December 20, 2012

Private: Tribe Talk


Bowers v. Hardwick, Dan Urman, Defense of Marriage Act, DOMA, Hollingsworth v. Perry, Laurence Tribe, marriage equality, Proposition 8, Romer v. Evans, Windsor v. U.S.

by Dan Urman, Director of Northeastern University’s Doctorate in Law and Policy. Urman is also a member of the ACS Boston Steering Committee.

On Dec. 12, as part of the ACS Boston Lawyer Chapter’s “Legal Legends in the Law” series, Laurence Tribe reflected on his remarkable career as a constitutional law professor and Supreme Court litigator.  Tribe, Carl Loeb University Professor at Harvard University, began by providing an overview of the Supreme Court’s decision to hear two cases related to marriage equality: Windsor v. U.S. and Hollingsworth v. Perry. Disagreeing with popular news reports already predicting the outcome, Tribe argued that more than one justice is uncertain about how he or she will vote.

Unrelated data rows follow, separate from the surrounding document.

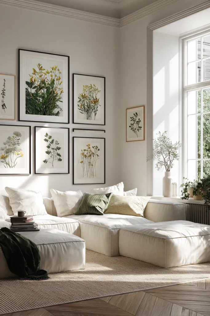 Botanical wall art living room arrangements create calming, grounded atmospheres that work across multiple design styles—from modern farmhouse to coastal minimalist to Scandinavian hygge. The key is scale: oversized prints (24×36 inches or larger) make confident statements without feeling overly decorative. In 2026, the trend favors simple presentations—slim black or natural wood frames with generous white matting that creates breathing room around each specimen. Grouping three botanical prints vertically or horizontally creates rhythm while maintaining the serene, organized feel that makes this style so appealing.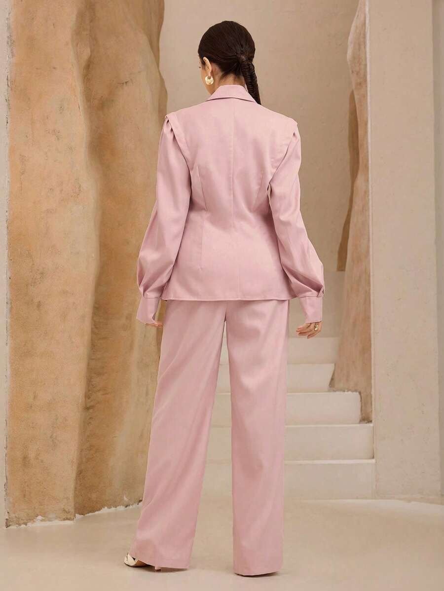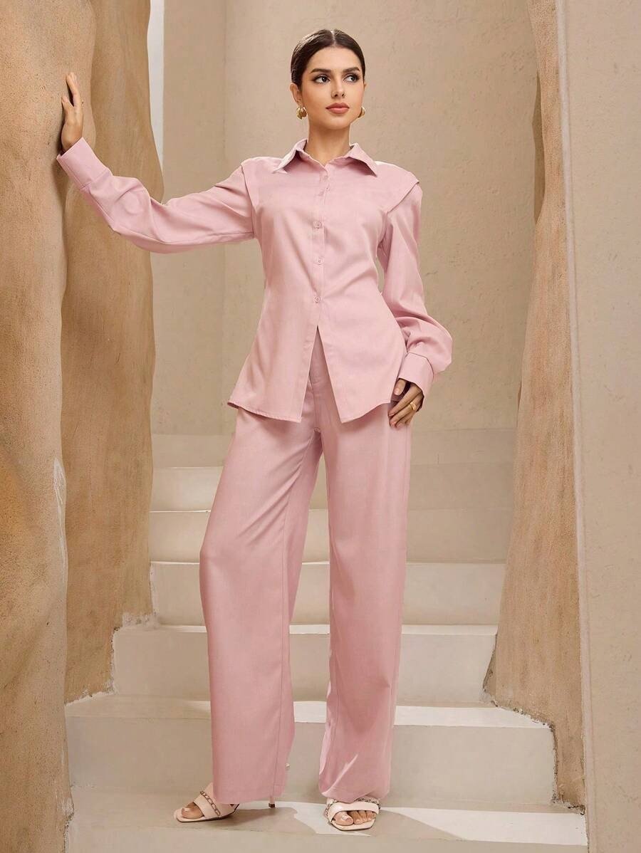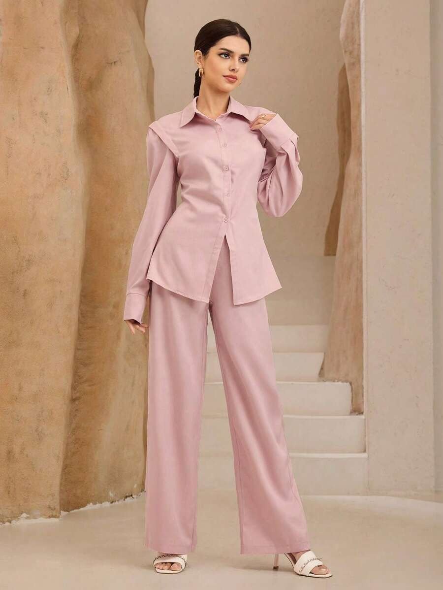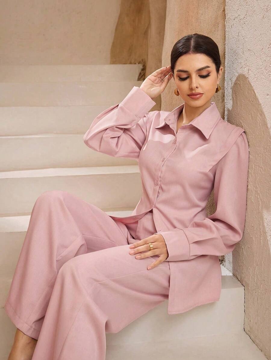 SHEIN Graceveil 2pcs Set Women’s Woven Plain Fitted Long Sleeve Top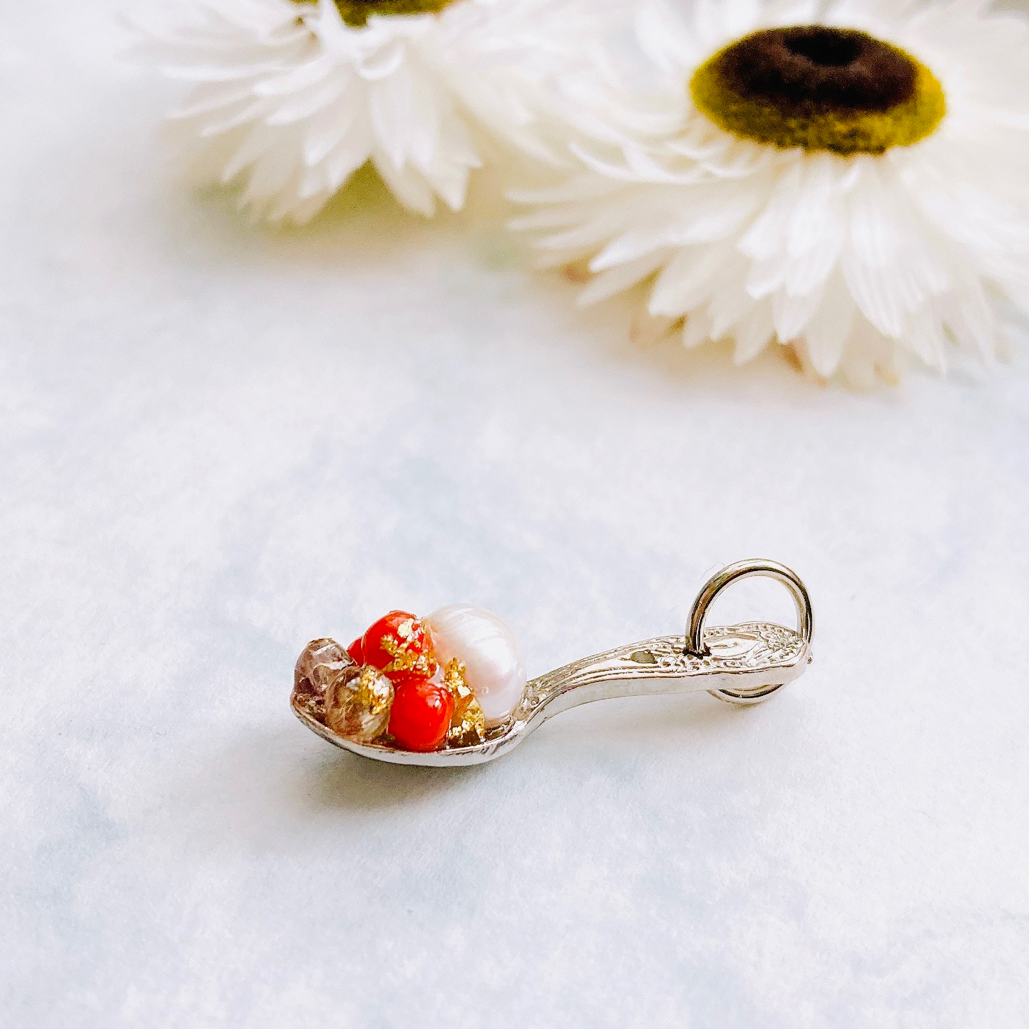 「③誰もが心ときめく、生クリーム苺ケーキを一口。繊細な装飾のミニスプーンに イタリアサルデーニャ島沖でうまれた本珊瑚。天然の鮮やかな赤色と 淡水パールのなめらかな白色を盛り付けた 幸せをすくう天然石スプーンチャーム。ナチュラルな世界観を体感いただけたら嬉しいです。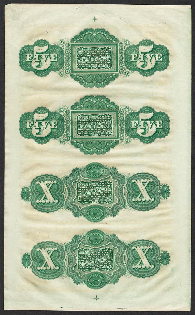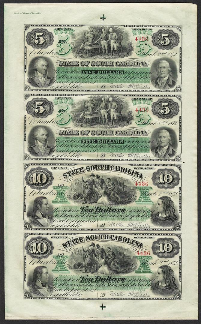 One Uncut Sheet of $5/$5/$10/$10 State of South Carolina Obsolete Notes.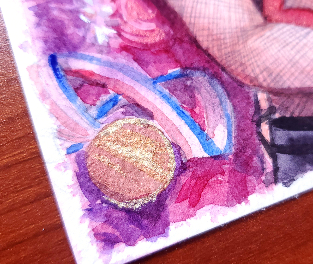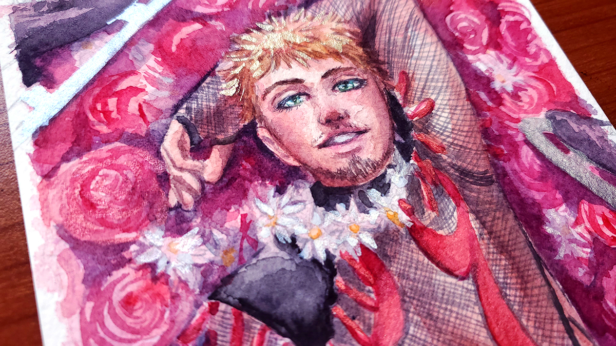 Watercolor painting of Christophe Giacometti from the series Yuri on Ice. Measures approximately 5 x 6 inches and features metallic paints.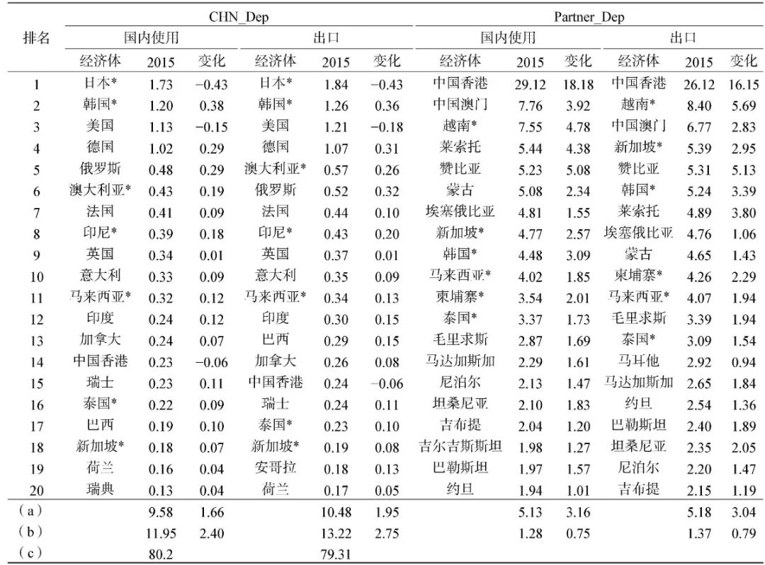 注:*表示 RCEP 成员国。“变化”表示 2015 年的数值减去 2002 年的数值。对于 CHN_Dep,(a)为前 20 大经济体总和;(b)为全球总和;(c)为前 20 大经济体所占比重。对于 Partner_Dep,(a)为前 20 大经济体平均;(b)为全球平均。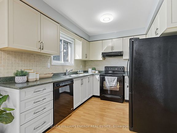 Welcome to this well-maintained 3+1 bedroom, 3 bathroom linked detached home located in a family-friendly neighbourhood in Courtice! This bright and inviting home features a functional layout with a combined living and dining area perfect for both everyday living and entertaining. The kitchen overlooks the private backyard, which includes built-in seating on the deck, great for outdoor gatherings and BBQs. Upstairs, you'll find three bedrooms, including a comfortable primary bedroom with a 2 piece ensuite. The fully finished basement offers even more living space, complete with a cozy rec. room, an additional bedroom, and a wood-burning fireplace, ideal for relaxing or hosting guests. Enjoy the convenience of being just 2 minutes from local schools, making morning drop-offs a breeze. Everyday essentials are close by also: Tim Hortons, McDonalds, A&W, and major banks are only 5 minutes away Starbucks, Shoppers Drug Mart, Dollarama, and Food Basics are just 2 minutes away. Oshawa's Lakeview Park and waterfront trails are a quick 10-12 minute drive, perfect for weekend outings. This home offers comfort, convenience, and a prime location, an ideal opportunity for families or first-time buyers a like. Don't miss your chance to call this beautiful Courtice home yours!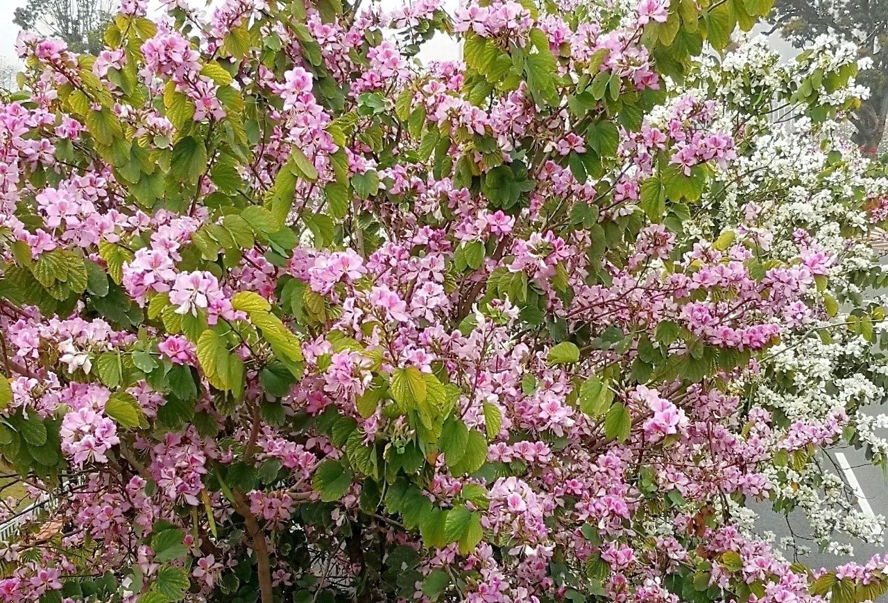 绿意葱葱的枝叶中,或粉或白的花朵争相绽放,格外惹眼。凑近一看,洋紫荆花朵虽然不大,但数量繁多,这些小而艳丽的花朵,密密层层爬满了整棵树的每个枝条与周边的花朵争奇斗艳,交相辉映,奏响了春天百花齐放的乐章。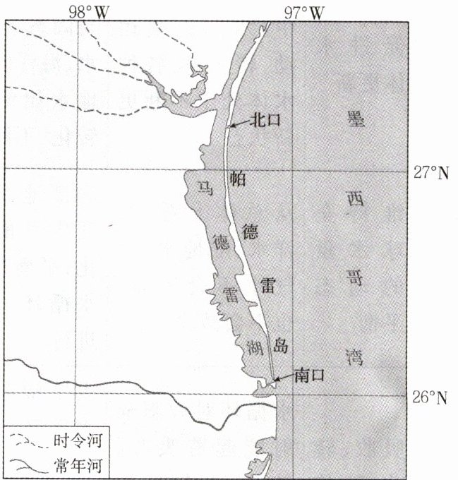 (2) 在帕德雷岛南北两侧的水体出入口处,表层水流动方向通常为(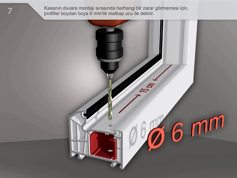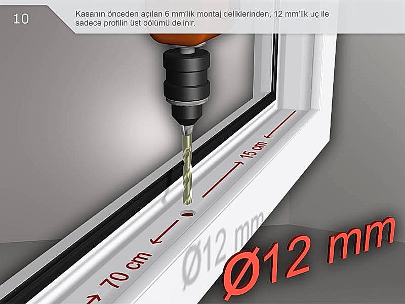 Kasanın önceden açılan 6 mm'lik montaj deliklerinden, 12 mm'lik uç ile sadece profilin üst bölümü delinir.
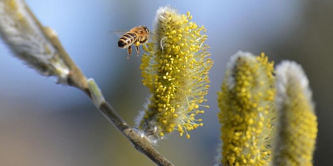 Erlen- und Haselnussblüten lassen die ersten Nasen kitzeln. Früh fliegende Bienen und Hummeln schweben über den ersten sprießenden Blüten.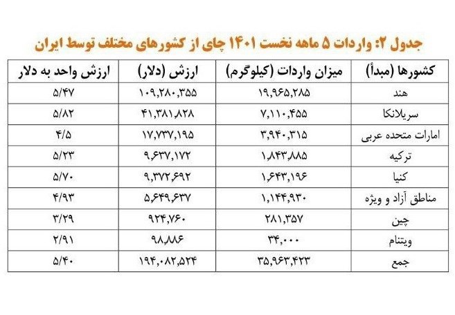 در ۵ ماه ابتدایی سال جاری حجم واردات چای به کشور ۴۲ درصد و صادرات ۷۷ درصد رشد کرده است اما با این وجود ارزش چای وارداتی در مقایسه با صادراتی بیش از ۹.۵ برابر است.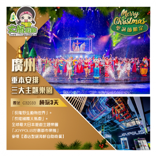 C32033 - 【聖誕節限定】重本安排三大主題樂園 「長隆野生動物世界」+「長隆國際大馬戲」+全球最大日本遊戲主題樂園「JOYPOLIS世嘉都市樂園」 豪嘆【酒店聖誕海鮮自助晚餐】 純玩3天

Tribe (pictured) has decades of experience writing, teaching, and litigating constitutional rights for gay and lesbian Americans, often at his professional peril. He referenced his discussion of sexual orientation in his 1978 Treatise, American Constitutional Law, taking a stance well outside of the legal and social “mainstream.”  Tribe argued that laws discriminating against individuals based on sexual orientation were “indistinguishable from laws discriminating against individuals based on their race or gender.”  Many friends and colleagues advised him against taking such a position publicly, because it could cost him a position on the U.S. Supreme Court. These warnings resurfaced when he prepared to testify against Judge Robert Bork’s 1987 Supreme Court nomination. Senator Alan Simpson (R-Wyo.) told Professor Tribe that it would be great to see “both of them (Bork and Tribe) on the Court,” and if Tribe testified against Bork, he would be “burning a bridge.”  Twenty-five years later, Tribe said that if serving on the Court meant holding back his actual views, it was a bridge he did not want to cross. 

In 1986, Tribe represented Michael Hardwick, a Georgia man charged with sodomy under the state’s criminal prohibition of sodomy, in front of the Supreme Court. Tribe recalled being told that he had “no chance to win,” because the criminal law did not even distinguish based on gender.  Rather, it criminalized sodomy in all circumstances.  Although the Supreme Court ruled 5-4 that the Constitution did not “confer a fundamental right upon homosexuals to engage in sodomy,” Tribe imagined that it would only be a matter of decades before a future Court overruled the case. In fact, Justice Lewis Powell, the tiebreaking vote in the case, later admitted that he voted the wrong way.

Seventeen years later, in Lawrence v. Texas, the Supreme Court overruled Bowers, just as Tribe predicted. He felt that “laws outlawing particular anatomical combinations had no place in America,” and made that argument in Lawrence through his primary brief for the American Civil Liberties Union. In his brief, Tribe argued that the U.S. Constitution guarantees a level of dignity and privacy for consensual, interpersonal relationships. In the wake of Lawrence, there is an open question at where government draws the line when it comes to private relationships between same sex couples. Justice Anthony Kennedy, in his majority Lawrence opinion, stated that:

The present case does not involve minors. It does not involve persons who might be injured or coerced or who are situated in relationships where consent might not easily be refused. It does not involve public conduct or prostitution. It does not involve whether the government must give formal recognition to any relationship that homosexual persons seek to enter,” clearly referring to marriage.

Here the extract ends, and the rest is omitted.